Interessantemente, como observa Antonio Bonet Correa em “Los cafés históricos” (Ediciones Cátedra, 2014), “a geografia histórica dos cafés parisienses tem uma estreita relação com o desenvolvimento urbano da capital francesa. Primeiro, no século XVIII, os cafés mais concorridos se encontravam no Bairro Latino, circa da Sorbonne, entre o Odéon e a Praça de Saint-Germain-des-Prés. Depois, antes da Revolução Francesa e durante o Romantismo, o ponto de gravidade dos cafés se mudou para o Palais-Royal, na margem direita do Sena”.
Já com Napoleão III e a reestruturação urbana do Barão Haussmann, “foram os grandes bulevares que contaram com os cafés mais frequentados por um público desejoso de desfrutar os benefícios da prosperidade econômica”. E, depois, já para o fim de século XIX, vem a época da livre e boêmia Montmartre, para além da Praça Pigalle, em cabarets e cafés, abaixo e acima do famoso monte.
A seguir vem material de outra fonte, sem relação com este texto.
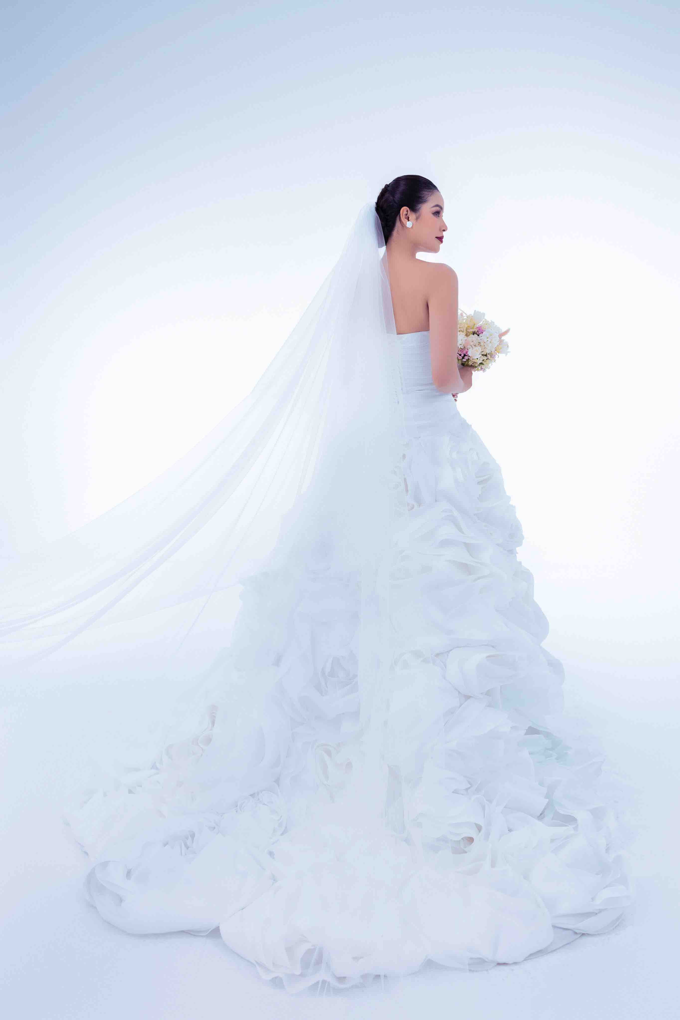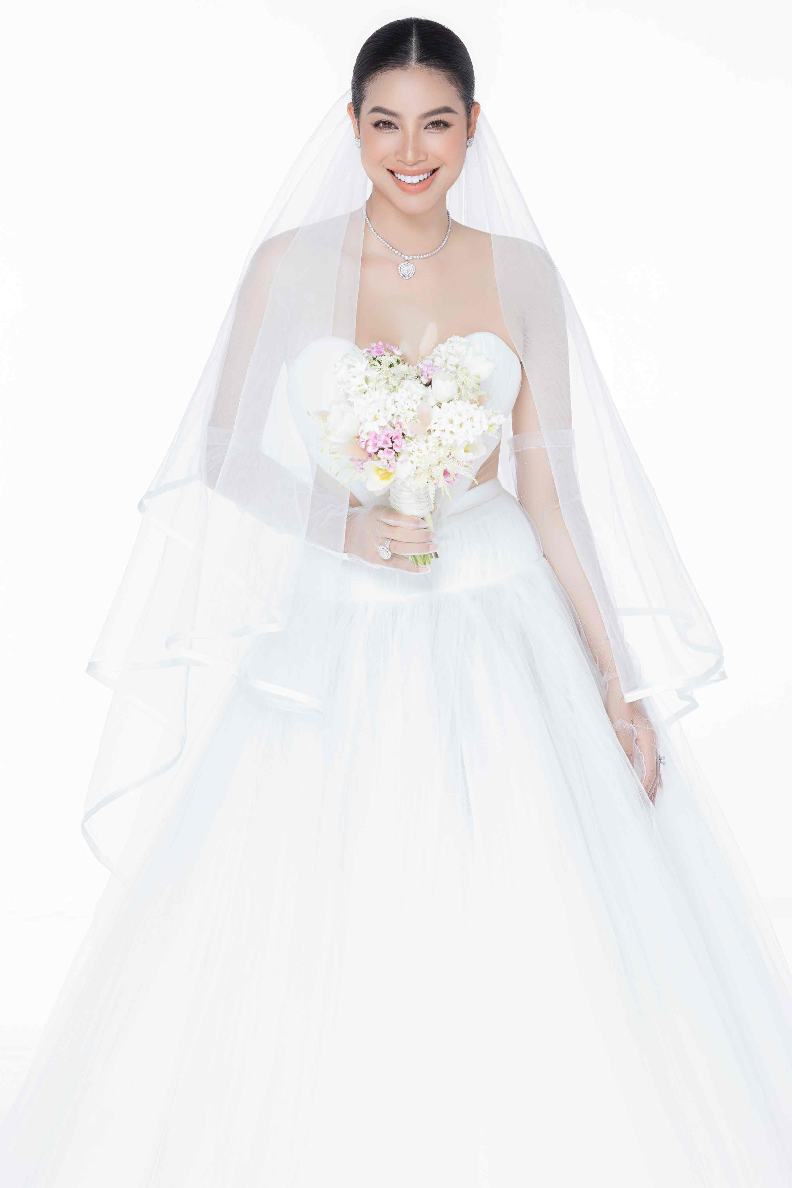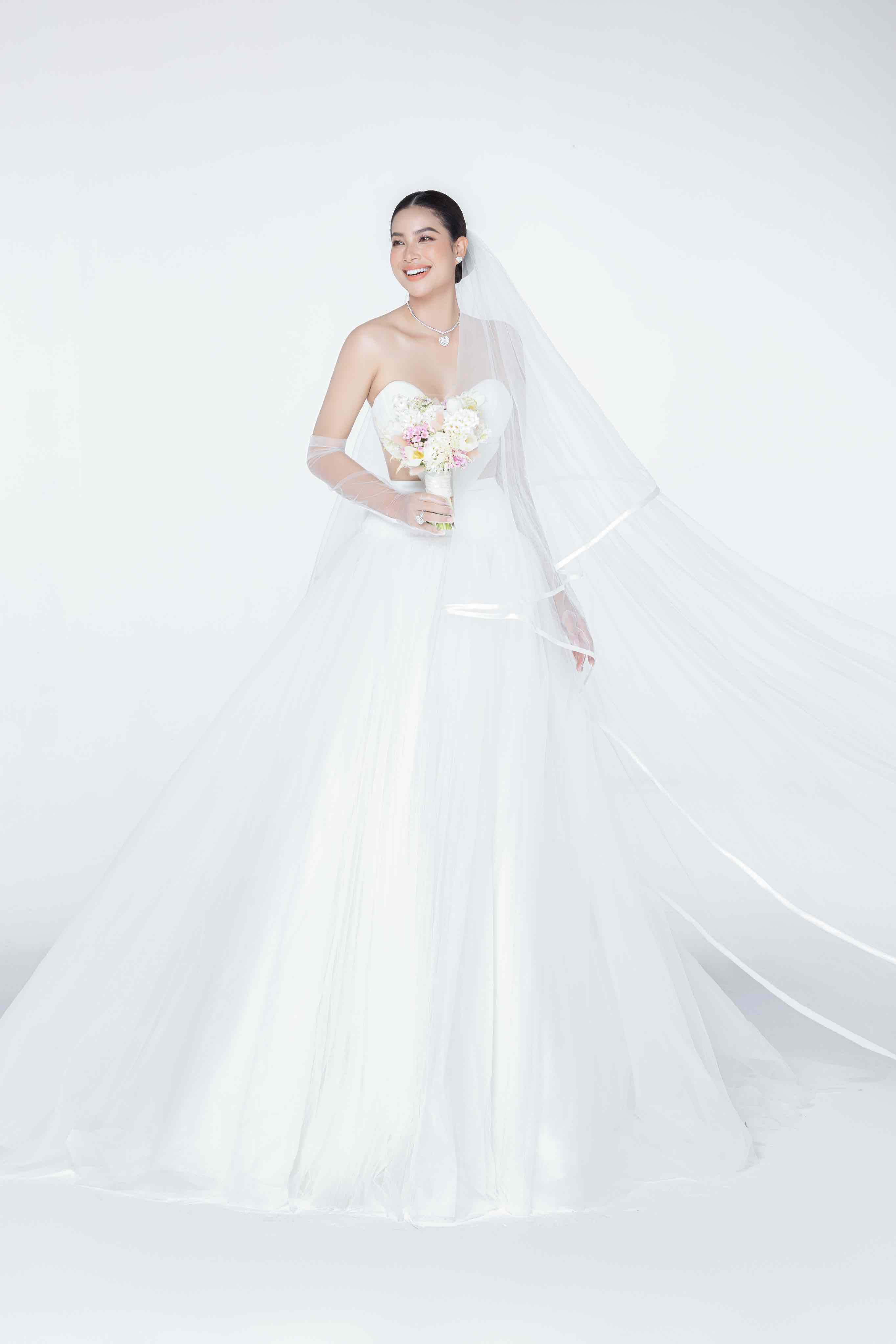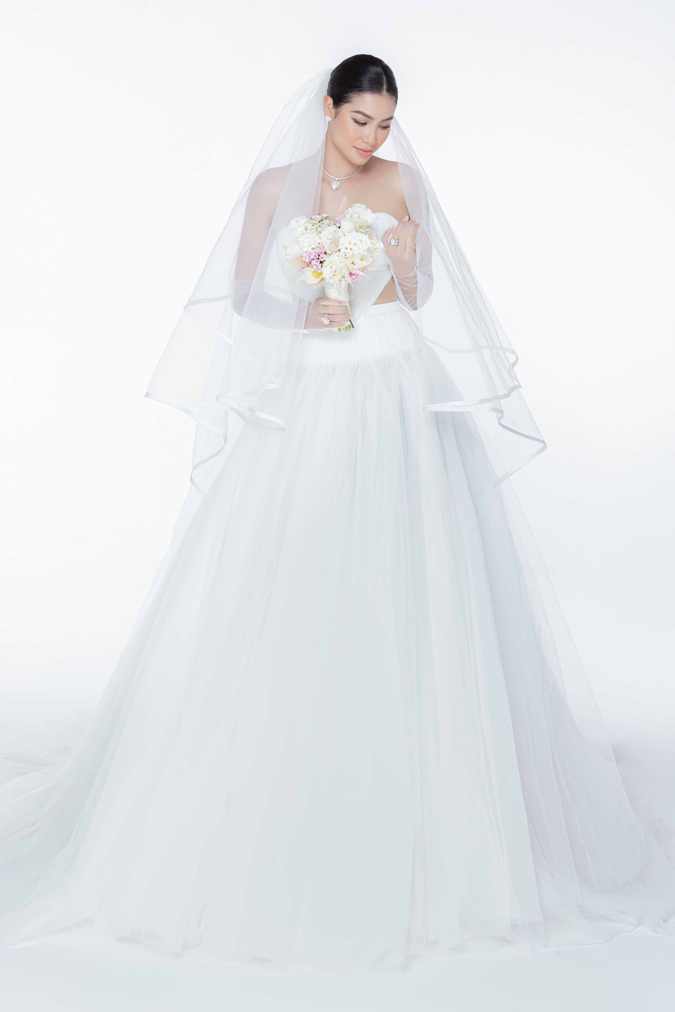 Những bộ váy cưới Phạm Hương diện được lấy cảm hứng từ trái tim và hoa hồng - hai biểu tượng của tình yêu. Điểm nhấn là mẫu váy tạo hình cánh hoa hồng, được dựng phom 3D bằng cách cắt và đặt từng mảnh vải thành hình đóa hồng nở rộ, kết hợp cùng kỹ thuật thêu nổi của các thợ thủ công lành nghề. Điều này giúp hình ảnh hoa hồng vô cùng sống động dù chỉ sử dụng duy nhất một màu chỉ trắng.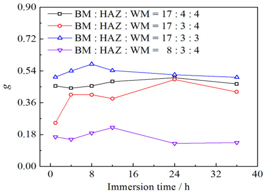 g was used to quantify the influence of the area ratio of different regions in the simulated X80 steel welded joint on galvanic corrosion, as shown in Figure 6. The galvanic corrosion intensity of the simulated X80 steel welded joint with different area ratios generally increased initially, then decreased and tended to stabilize. For BM:HAZ:WM = 17:3:3, the galvanic corrosion of the simulated X80 steel welded joint was the worst, and the value of g was always greater than 0.5. For BM:HAZ:WM = 8:3:4, the galvanic corrosion of the simulated weld of X80 steel was the most minimal and the value of g was always less than 0.3. From the changes in the value of g, it can be seen that as the area of WM decreases, the galvanic corrosion intensity increases, while the area of BM and HAZ decreases, the galvanic corrosion intensity decreases. The area changes in WM have a greater influence on galvanic corrosion.

Embora às vezes deseje voltar no tempo, à Paris dos anos 1920 ou da Belle Époque, vivo a minha era. É dela, dos cafés de hoje, que falarei. E, para nos poupar tempo, faço uso da lista de cafés elaborada por Noël Riley Fitch em “The Grand Literary Cafés of Europe” (New Holland Publishers, 2007): Café de la Paix, Le Fouquet’s, La Closerie de Lilas, Café du Dôme, La Coupole, Le Sélect, Le Procope, Les Deux-Magots, Café de Flore e Brasserie Lipp.
Das casas relacionadas apenas o Café de la Paix e Le Fouquet’s ficam na Rive Droit (metade norte de Paris). Le Fouquet’s fica na Avenue des Champs-Elysées. Mais badalado impossível. Quem já turistou por lá, se não o conheceu por dentro, pelo menos passou na porta. Já o Café de la Paix fica nas orelhas da Opéra Garnier. É um sobrevivente naquele que foi o coração da “cultura dos cafés” parisienses no século XIX.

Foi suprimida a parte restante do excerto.